Tokyo-based Space One was founded in 2018 by a consortium of Japanese companies: Canon Electronics, IHI’s aerospace engineering unit, construction firm Shimizu and the state-backed Development Bank of Japan. Japan’s two largest banks, Mitsubishi UFJ and Mizuho, also hold minority stakes. Shares of Canon Electronics fell more than 9% after Wednesday’s failed launch.

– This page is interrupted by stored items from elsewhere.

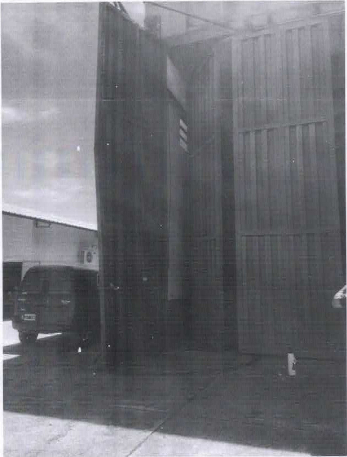
CAP. Roben DELGADO 4

FUERZA AÉREA ARGENTINA DIRECCION GENERAL DE MATERIAL DIRECCION DE INFRAESTRUCTURA DELEGACION ZONA NORDESTE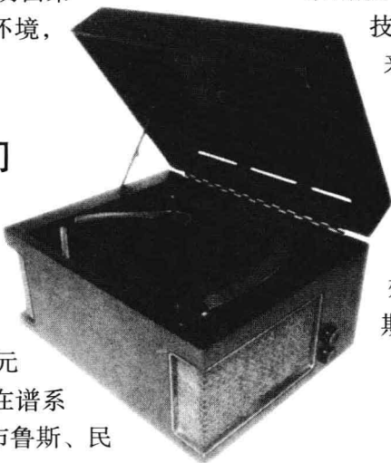
◀◀ 78 R.P.M. (每分钟78转)的唱片标志着音乐从记谱到录音的转变。

19世纪末20世纪初，海量销售的散页乐谱使音乐出版业蓬勃发展。当时由于录音、灌制技术的局限，不管费多大劲儿，做出来的唱片都吱啦作响，相比之下，印“歌篇儿”则容易多了。开天辟地头一回，一首歌曲能被大量印刷，仅在一个城市就卖掉几千份，这不仅完全颠覆了民谣口头传播的传统，更创造了前所未有的经济效益。散页乐谱的销量在20世纪初呈一发不可收之势，1890—1909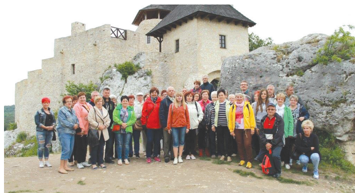
Pięćdziesięcioosobowa grupa mieszkańców zwiedziła jurę.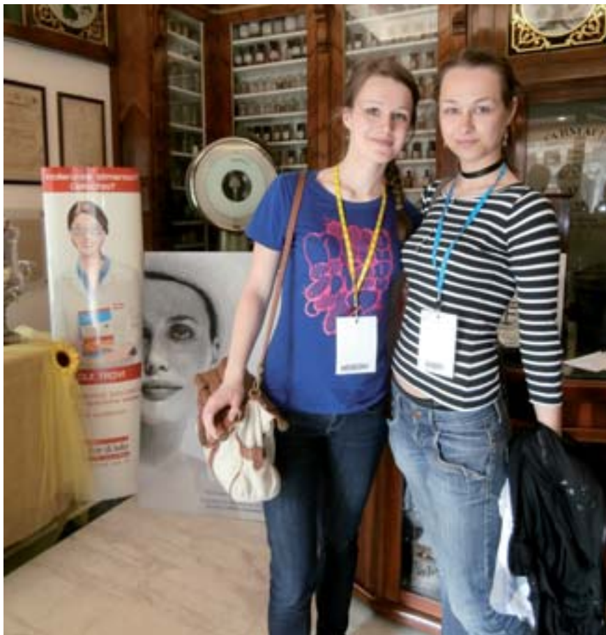
■ Část reprezentace Faf v Catanii

Paralelně s valnou hromadou probíhaly interaktivní trainingy a workshopy, kterých se studenti účastnili dle svých zájmů. V nabídce tak byl například workshop STELLA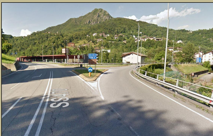
FOTO 1: SABATO 23 GIUGNO 2018, VERSO IL PUNTO DI RITROVO DELLA CAROVANA DA ZOGNO SS470, BIVIO 45.807489, 9.677914 PER IL PUNTO DI RAGGRUPPAMENTO: GIRARE A DESTRA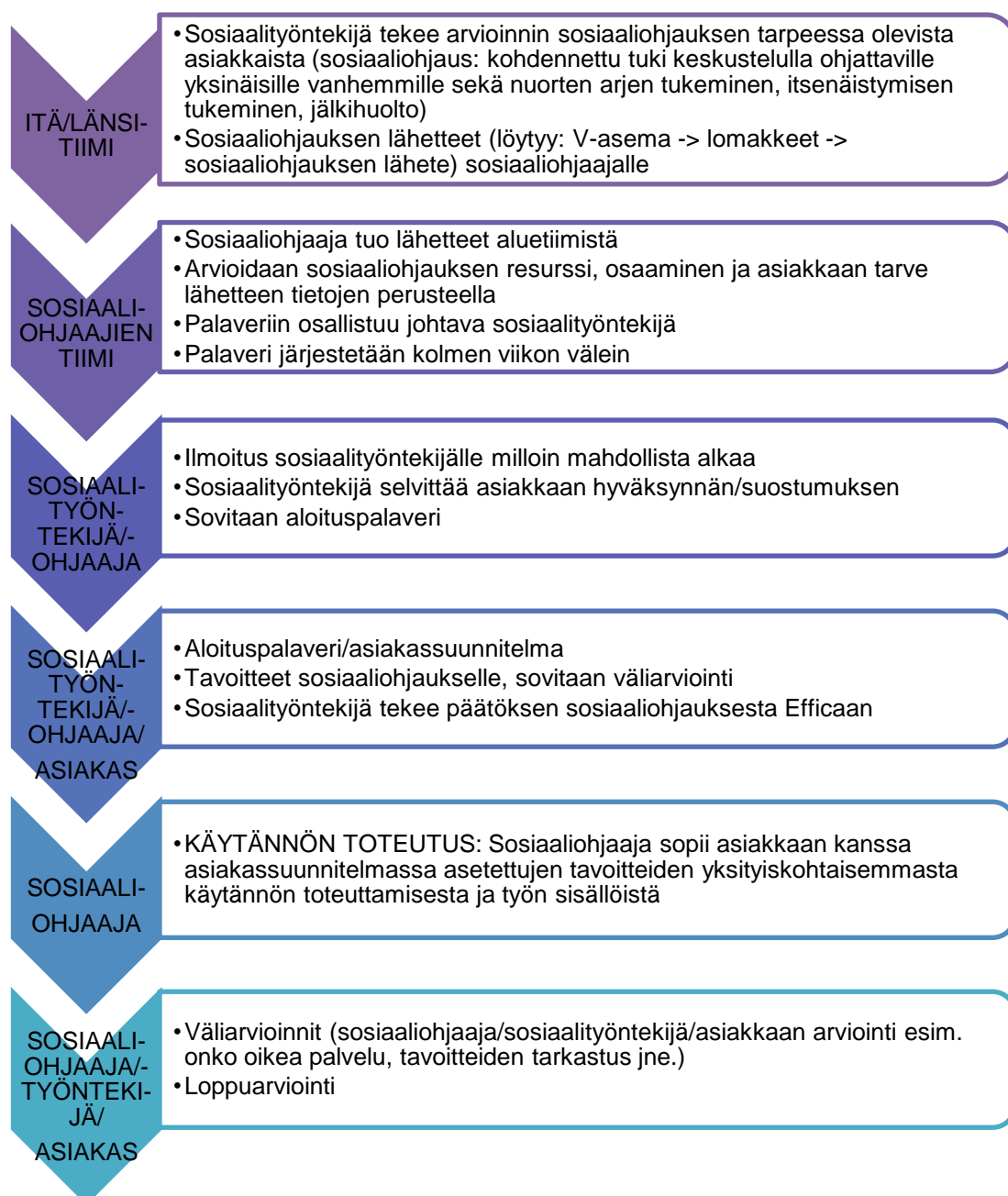
Kuvio 2. Sosiaaliohjauksen prosessi

Space One wants to provide “space courier services” to domestic and international customers, aiming for 20 rocket launches per year by the end of the 2020s, its president Masakazu Toyoda said. Last month, the state-funded Japan Aerospace Exploration Agency (JAXA) successfully launched its new cost-efficient flagship rocket, the H3. JAXA completed a historic “pinpoint” moon landing this year, and H3 is scheduled to carry about 20 satellites and probes into space by 2030.